*What you have to do:* Write out all the entries word for word and omit any pictures.

[Start of Attachment]

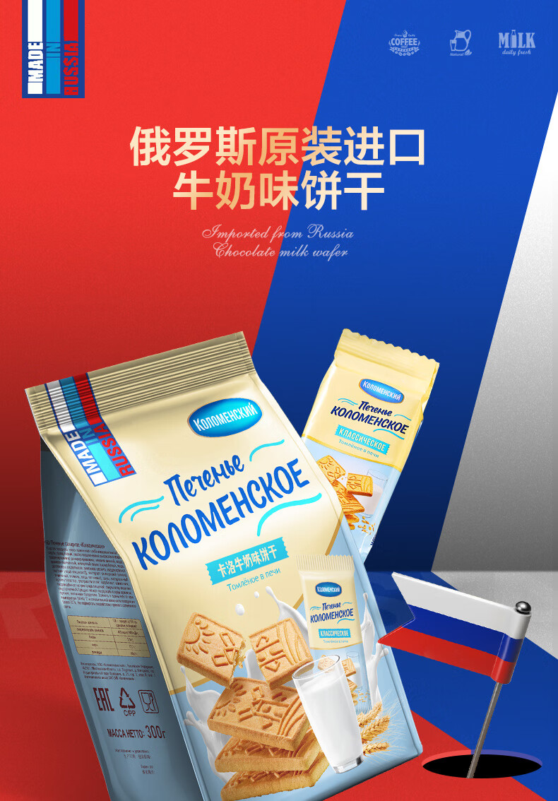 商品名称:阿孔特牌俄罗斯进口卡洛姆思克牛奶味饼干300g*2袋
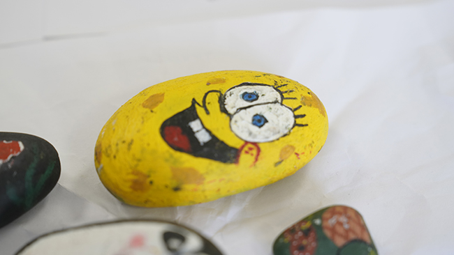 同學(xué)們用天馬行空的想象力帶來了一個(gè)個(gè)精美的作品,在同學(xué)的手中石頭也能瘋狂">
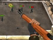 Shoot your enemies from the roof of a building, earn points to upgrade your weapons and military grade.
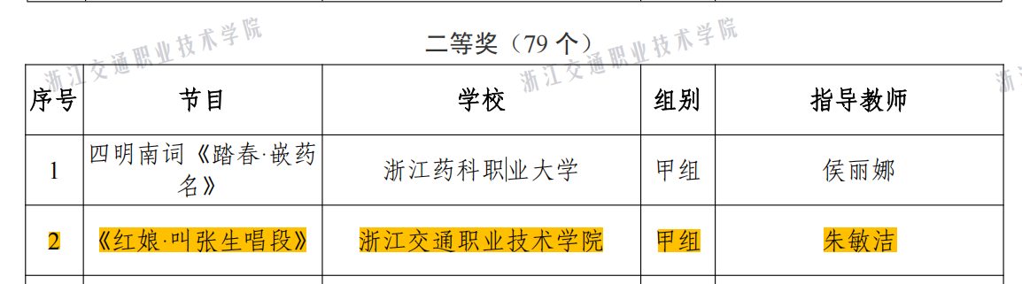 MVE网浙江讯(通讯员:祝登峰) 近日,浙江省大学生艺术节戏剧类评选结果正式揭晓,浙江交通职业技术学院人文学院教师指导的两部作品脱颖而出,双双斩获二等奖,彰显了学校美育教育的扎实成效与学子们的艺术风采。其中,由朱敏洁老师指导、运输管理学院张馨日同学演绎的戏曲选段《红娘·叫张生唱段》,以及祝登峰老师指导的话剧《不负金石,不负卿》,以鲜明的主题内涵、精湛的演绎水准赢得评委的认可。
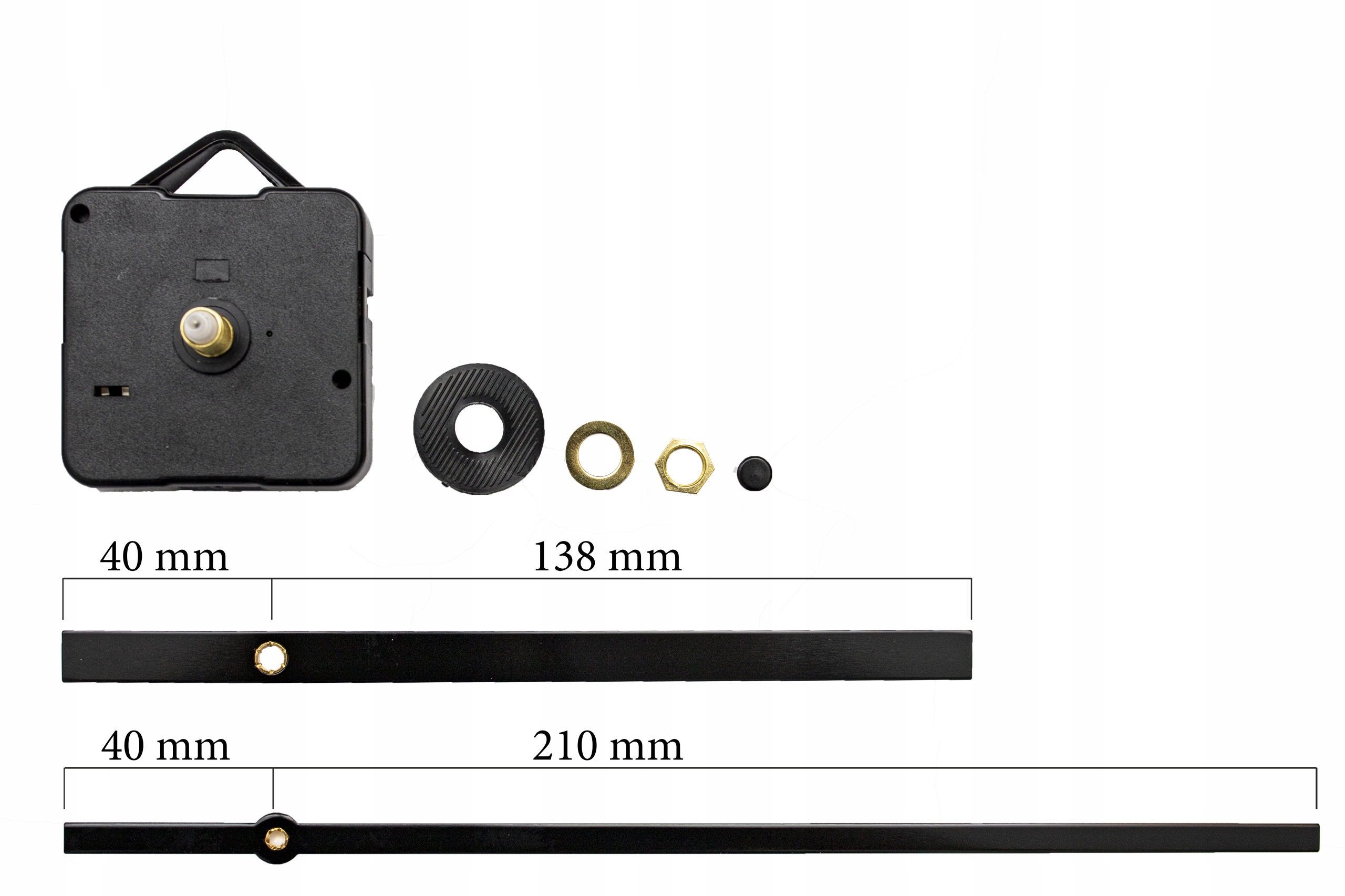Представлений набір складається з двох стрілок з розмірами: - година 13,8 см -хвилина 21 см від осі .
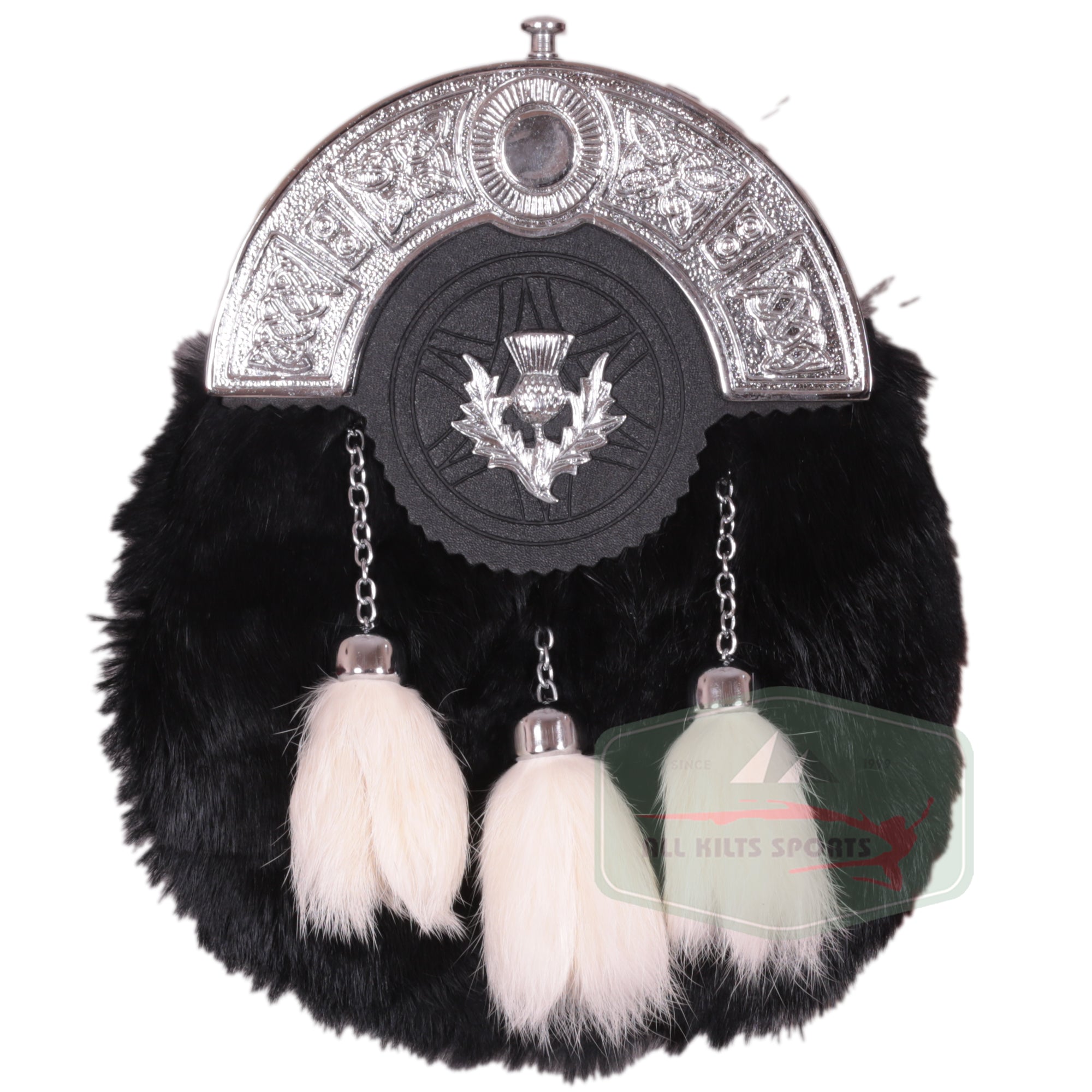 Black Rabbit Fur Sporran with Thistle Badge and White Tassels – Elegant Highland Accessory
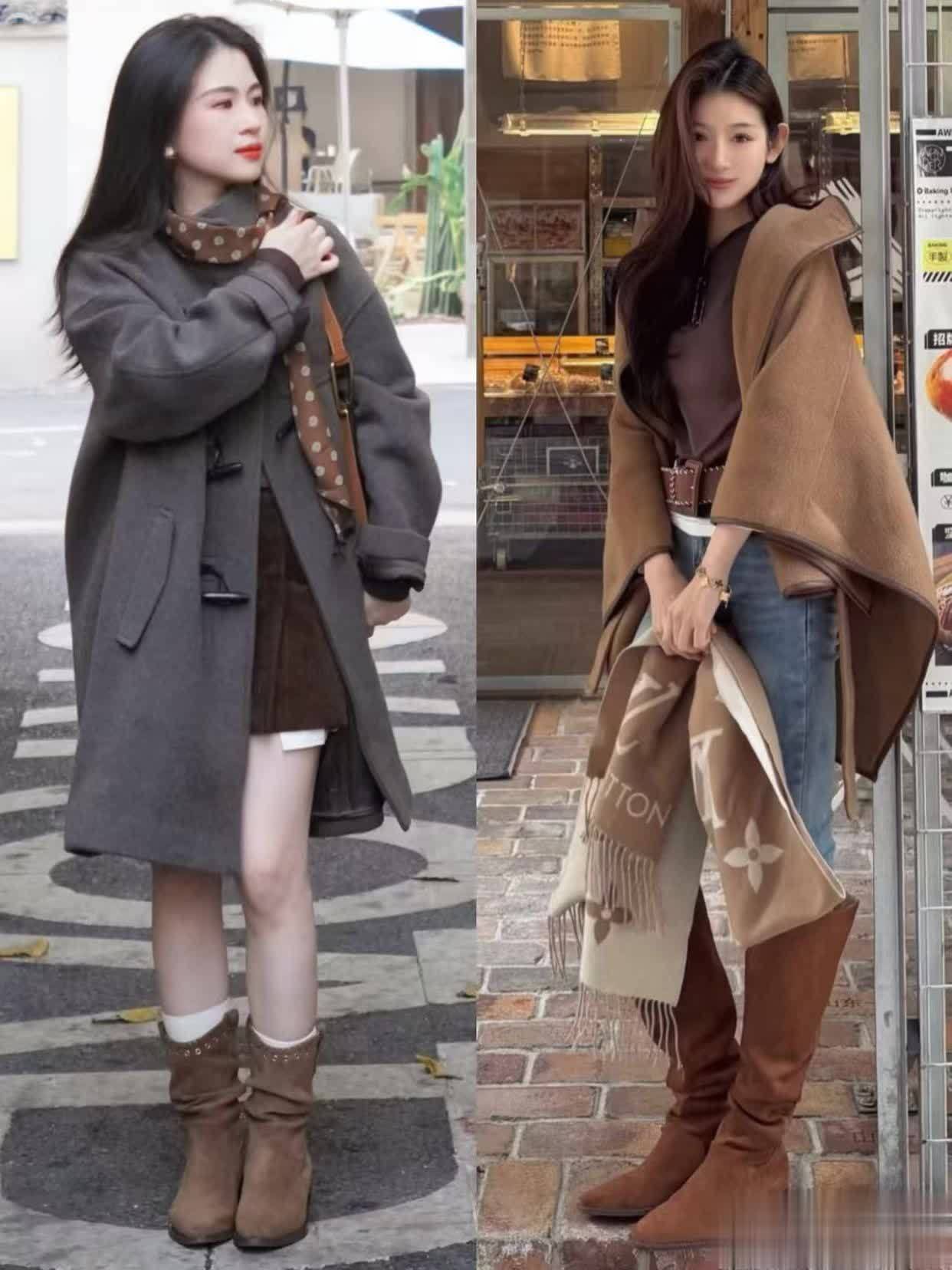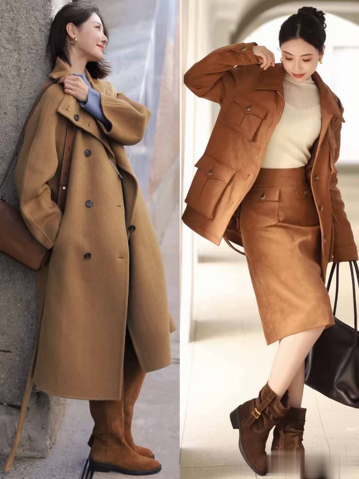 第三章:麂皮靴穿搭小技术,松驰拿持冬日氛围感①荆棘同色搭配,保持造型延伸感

[End of Attachment]

*Response to the exercise:*
 商品名称:阿孔特牌俄罗斯进口卡洛姆思克牛奶味饼干300g*2袋
 同學(xué)們用天馬行空的想象力帶來了一個(gè)個(gè)精美的作品,在同學(xué)的手中石頭也能瘋狂">
 Shoot your enemies from the roof of a building, earn points to upgrade your weapons and military grade.
 MVE网浙江讯(通讯员:祝登峰) 近日,浙江省大学生艺术节戏剧类评选结果正式揭晓,浙江交通职业技术学院人文学院教师指导的两部作品脱颖而出,双双斩获二等奖,彰显了学校美育教育的扎实成效与学子们的艺术风采。其中,由朱敏洁老师指导、运输管理学院张馨日同学演绎的戏曲选段《红娘·叫张生唱段》,以及祝登峰老师指导的话剧《不负金石,不负卿》,以鲜明的主题内涵、精湛的演绎水准赢得评委的认可。
Представлений набір складається з двох стрілок з розмірами: - година 13,8 см -хвилина 21 см від осі .
 Black Rabbit Fur Sporran with Thistle Badge and White Tassels – Elegant Highland Accessory
 第三章:麂皮靴穿搭小技术,松驰拿持冬日氛围感①荆棘同色搭配,保持造型延伸感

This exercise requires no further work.